Сарацин обнял девочек и поведал собравшимся, какое безысходное горе овладело им по дороге домой: ведь казненному преступнику не полагались ни похоронная церемония, ни достойное погребение – другие члены семьи еще не успели подумать об этом. А ведь и точно, они даже не смогут закрыть
Мать потом вспоминала: несколько месяцев ничто не могло рассеять гнетущее облако скорби, нависшее над домом. Их посещали лишь ближайшие родственники, телефон молчал. Шутка ли: подстрекательство и разложение – это означало, что семья казненного подвергнется остракизму со стороны друзей, знакомых и общества в целом. В каком-то смысле все домочадцы зоолога были брошены в безымянную могилу и похоронены вместе с ним. И все же неуклонное течение дней со временем притупило остроту их горя. Мальчик, который прекрасно учился, взял наконец в руки книги и продолжил занятия дома.
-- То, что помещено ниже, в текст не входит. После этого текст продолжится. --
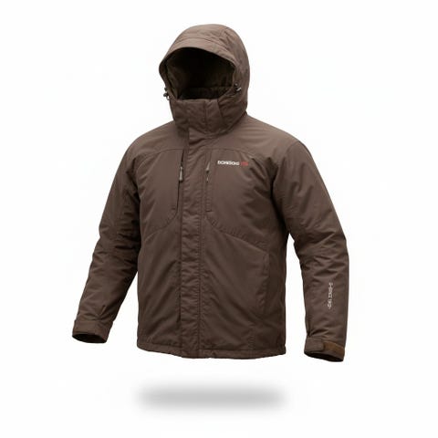 Didriksons jacka i en mörk blå färg med flera fickor framtill och en huva. Jackan har dragkedja och knappar fram.
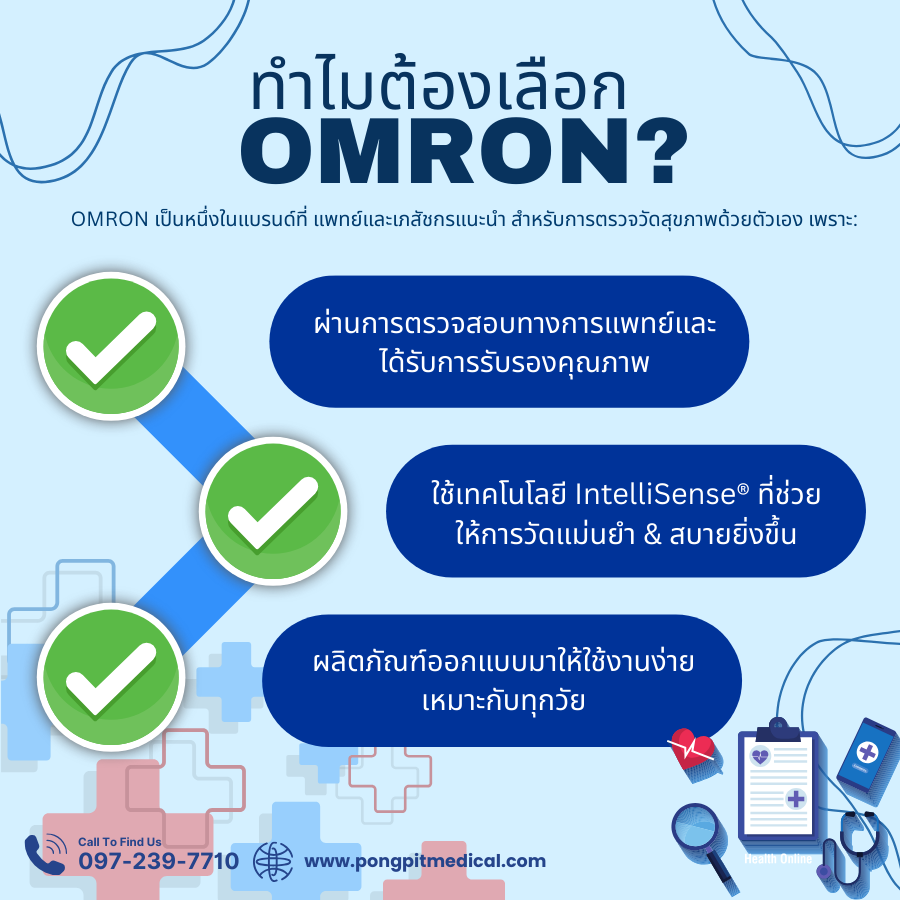 Omron Healthcare คือแบรนด์อุปกรณ์การแพทย์ชั้นนำจากประเทศญี่ปุ่น ที่ได้รับความไว้วางใจจากโรงพยาบาล คลินิก ร้านยา และผู้ใช้งานทั่วไปทั่วโลก จุดเด่นของ OMRON คือ ความแม่นยำ, มาตรฐานทางการแพทย์, และ ความหลากหลายของหมวดหมู่สินค้า ครอบคลุมการดูแลสุขภาพตั้งแต่การตรวจวัด ไปจนถึงการฟื้นฟูและป้องกันโรค
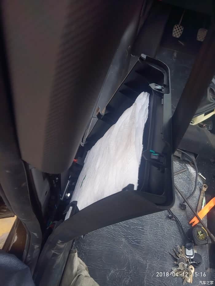 本以为拆完以上就可以轻松的把内饰板拆下来,可内饰板卡在两个B柱中间纹丝不动,又不想折坏车顶内饰板,继续拆下左面B柱护板
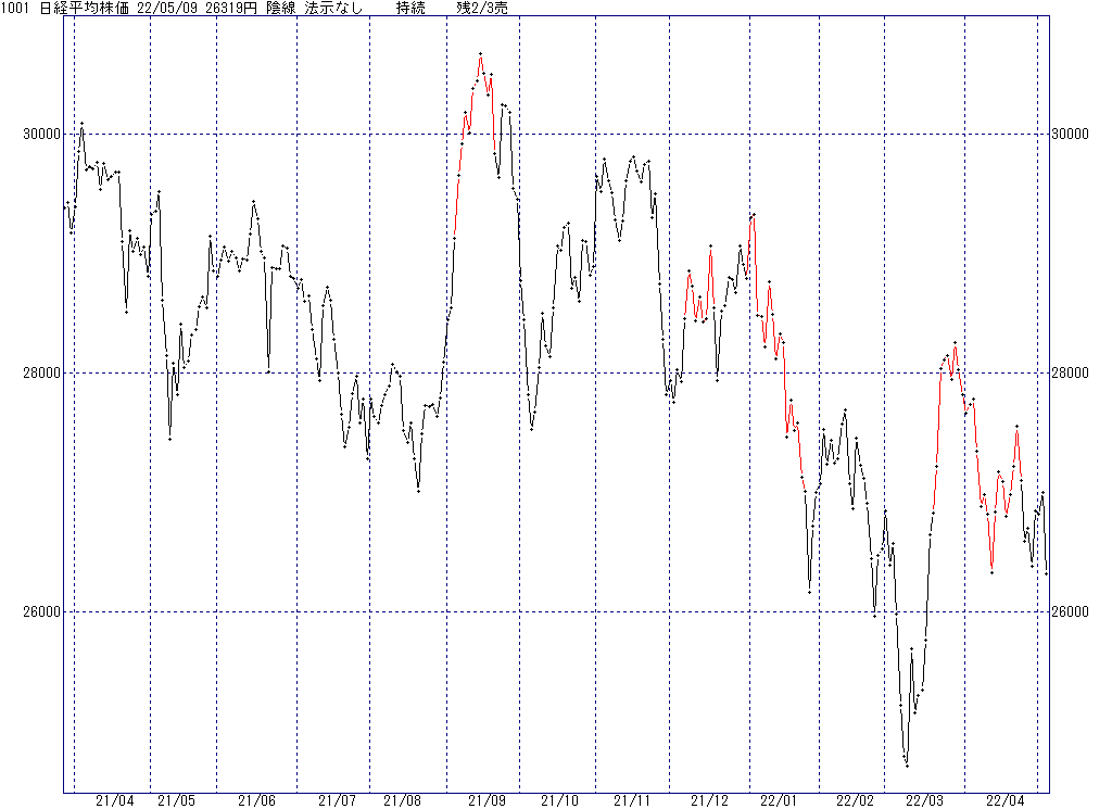 2022年5月9日(月)日中の取引終了時点で算出した中源線シグナルです。
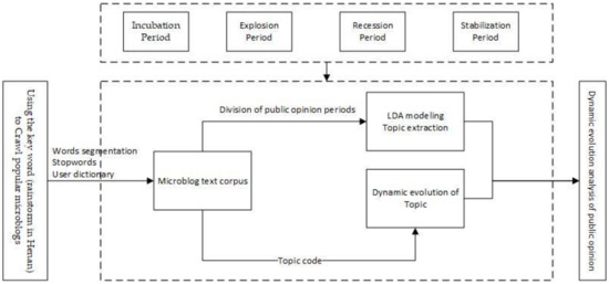 In order to better grasp the golden time after the occurrence of emergencies, gain the initiative, and reduce the severe consequences caused by emergencies, it is imperative to conduct a dynamic evolution analysis on public concern topics on social media platforms under the background of unconventional emergencies, which can provide a theoretical basis for public opinion decision making and analysis. In the literature, researchers divide the whole event into different communication cycles and summarize the public opinion themes in different periods [5,6,7] and finally give relevant policy suggestions or predict the event through modeling. In this way, dividing events into independent research often weakens the dynamic evolution process when the event development process is understood, and the event is studied from the time node after the emergency, meaning the focus is on how to avoid risks when similar events occur in the future, and exploring unconventional emergency events is not concentrated on. Solomon et al. [8] note that it is difficult to stop a pandemic when it breaks out, and the best way to do so is to identify danger signs as soon as they appear. And, the dynamics of social information in the early stages provide a critical perspective. Therefore, tapping into the potential of emergency events, preparing accordingly in advance, and reducing the damage caused by emergency events is a new perspective worth studying.
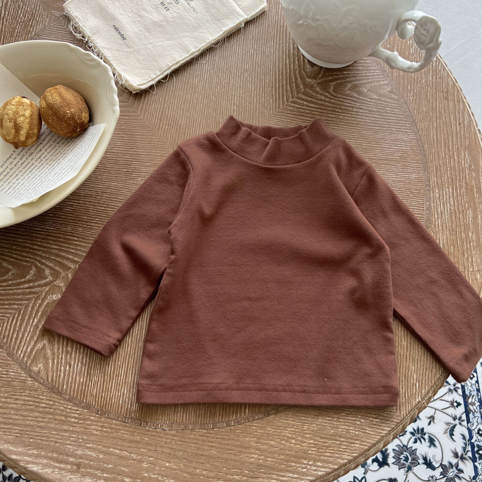 婴童t恤秋冬2022婴幼儿宝宝衣服简约棉质长袖上衣半领纯色打底衫
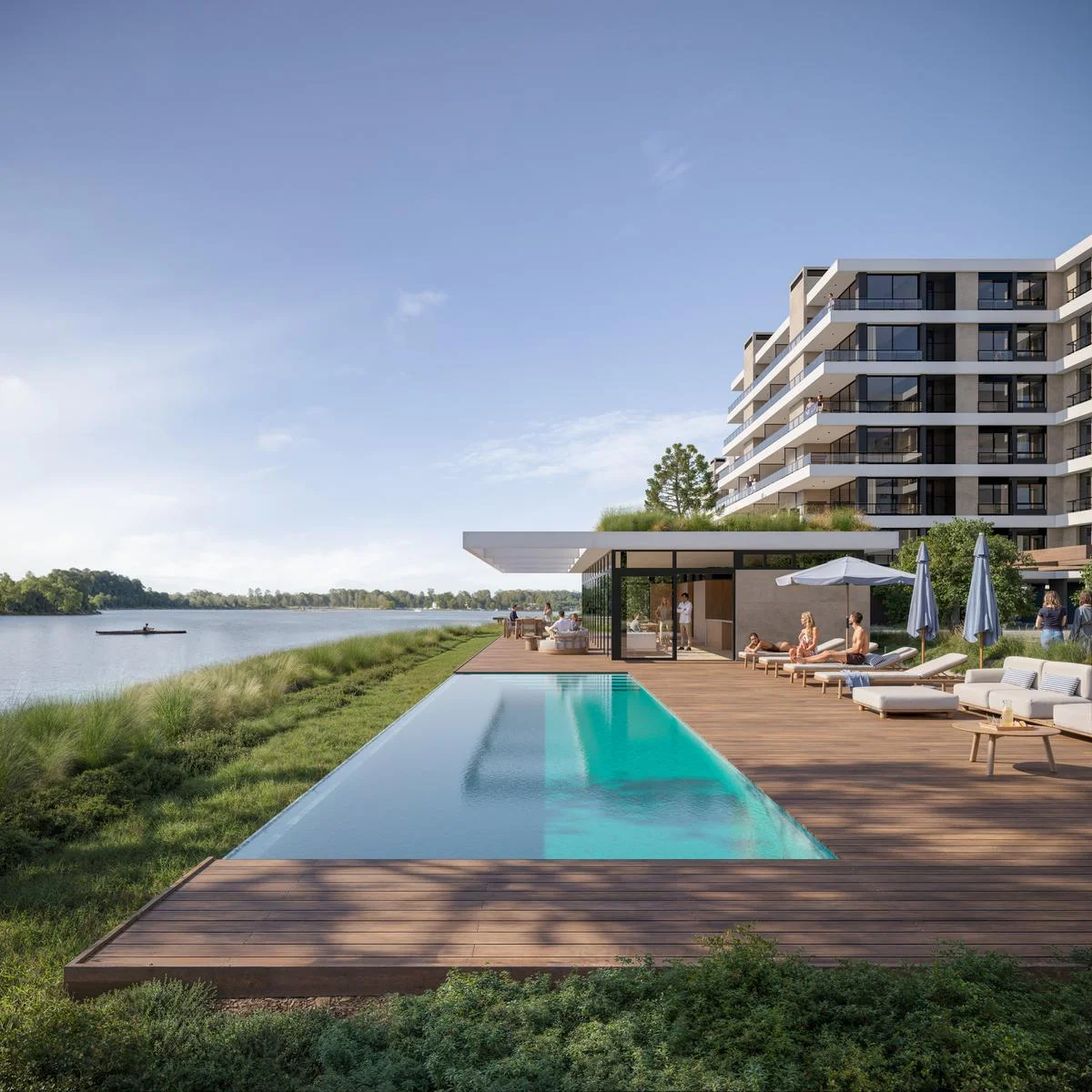 Distrito Boating redefine la experiencia de vivir junto al lago. Tres torres de diseño exclusivo albergan 123 apartamentos de 1, 2 y 3 dormitorios, cada uno con amplias terrazas y vistas abiertas al Lago Calcagno. Los interiores, modernos y funcionales, se integran de manera armónica con el entorno natural, brindando luminosidad, confort y sofisticación en cada detalle.
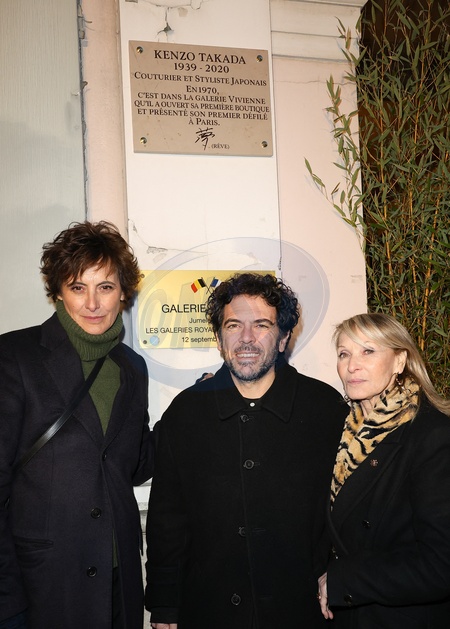 Inès de La Fressange, Sylvain Blanc (directeur de la maison Kenzo) et Ruth Obadia - Dévoilement d'une plaque en hommage à Kenzo Takada saluant l'héritage du créateur japonais décédé en 2020 devant la Galerie Vivienne à Paris le 16 janvier 2024. © Coadic Guirec/Bestimage Unveiling of a plaque in tribute to Kenzo Takada saluting the legacy of the Japanese designer who died in 2020 in front of the Galerie Vivienne in Paris on January 16, 2024.
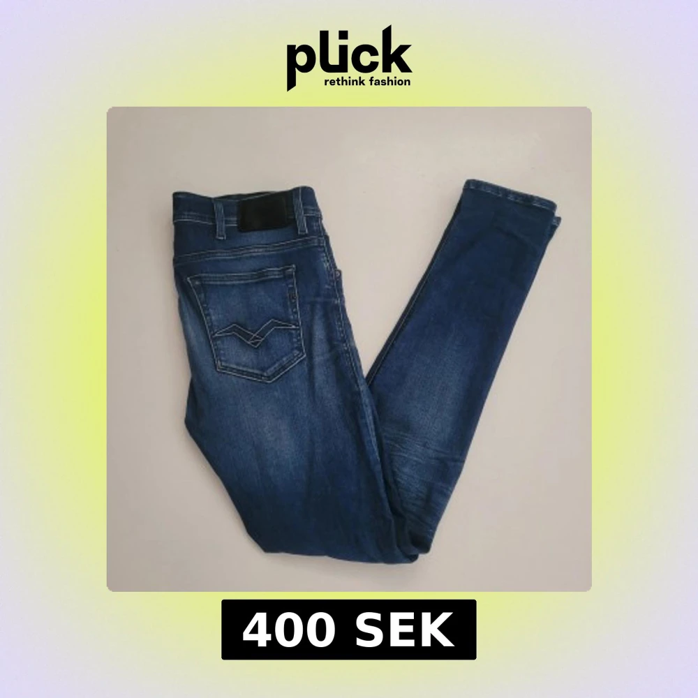 Snygga blå jeans från Replay, modell Anbass, med klassisk femficksdesign och cool broderad bakficka. Jeansen har en smal passform och är tillverkade i mjukt denimtyg med lätt tvättad look. Perfekta för dig som gillar stilrena och moderna jeans.
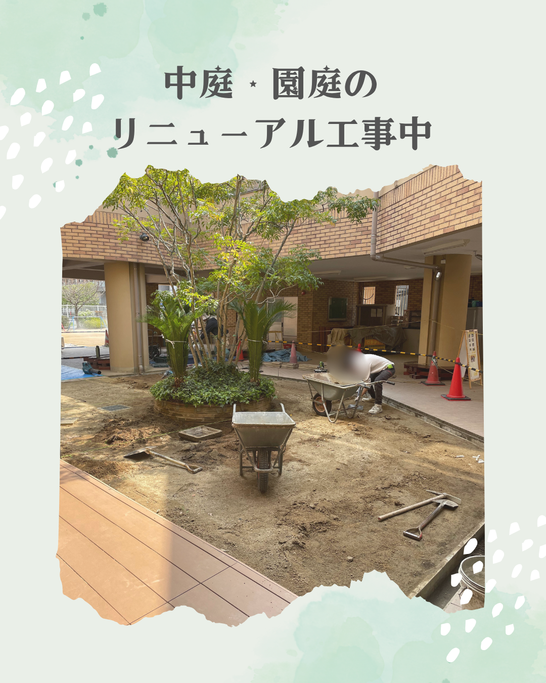 3月30日(月)中庭&園庭のリニューアル工事が進んでいます!中庭には芝を敷いたり、園庭の築山には丸太で囲い砂をのせたり、側溝の蓋も新しくなるなど工事が進む様子を見ている子ども達にも楽しみにしてくれています。 インスタにも載せていますのでごらんください。インスタグラムはこちらから

Это немного успокоило мать и сестер: ведь образование – шанс обрести лучшее будущее, пусть даже эта перспектива и представлялась им тогда весьма туманной и фантастической.
Через восемь месяцев после казни в темном небе неожиданно забрезжил рассвет: тайком от невестки и внуков дедушка, отец зоолога, неустанно стремился облегчить их участь. Задействовав все свои знакомства и потратив на взятки последние деньги, старик сумел-таки выхлопотать для вдовы сына и троих ее детей заграничные паспорта, разрешения на выезд и визы. Возможно, власти не стали препятствовать отъезду родных казненного, поскольку те служили постоянным напоминанием об их злодействе. Как бы то ни было, дедушка, приехав к невестке и внукам поздно вечером, сообщил ошеломляющую новость: завтра на рассвете им предстоит покинуть родину. Сделать это надо было как можно скорее, пока люди, которых он подкупил, не передумали.
Всю ночь Сарацин и его родные упаковывали свое нехитрое имущество и, вспоминая пережитое, решили, что прощаться им не с кем. На рассвете семья тронулась в путь. Колонна из четырех автомобилей двенадцать часов ехала через нескончаемую пустыню, мимо бескрайних нефтяных месторождений, пока путники не увидели впереди в сгущающихся сумерках бирюзовые воды Персидского залива.
Через него сверкающим ожерельем протянулась дамба, соединяющая Саудовскую Аравию с независимым островным государством Бахрейн. Дамба короля Фахда – под таким названием известно это чудо голландской инженерной мысли – является одновременно и мостом длиной более шестнадцати миль. И на каждой миле пути саудовский монарх улыбался нашим беглецам с рекламных щитов. А ведь по злой иронии судьбы именно этот человек подписал указ о казни несчастного зоолога. Ненавистное лицо Фахда – последнее, что мальчик увидел, покидая родину.
После того как они заплатили еще одну взятку на границе, дедушке и трем двоюродным братьям Сарацина было разрешено на короткое время въехать в Бахрейн без документов, чтобы перевезти семейные пожитки в дом, который старик снял через знакомых. При виде этого убогого жилища у женщины и детей буквально упало сердце, хотя вслух никто ничего не сказал.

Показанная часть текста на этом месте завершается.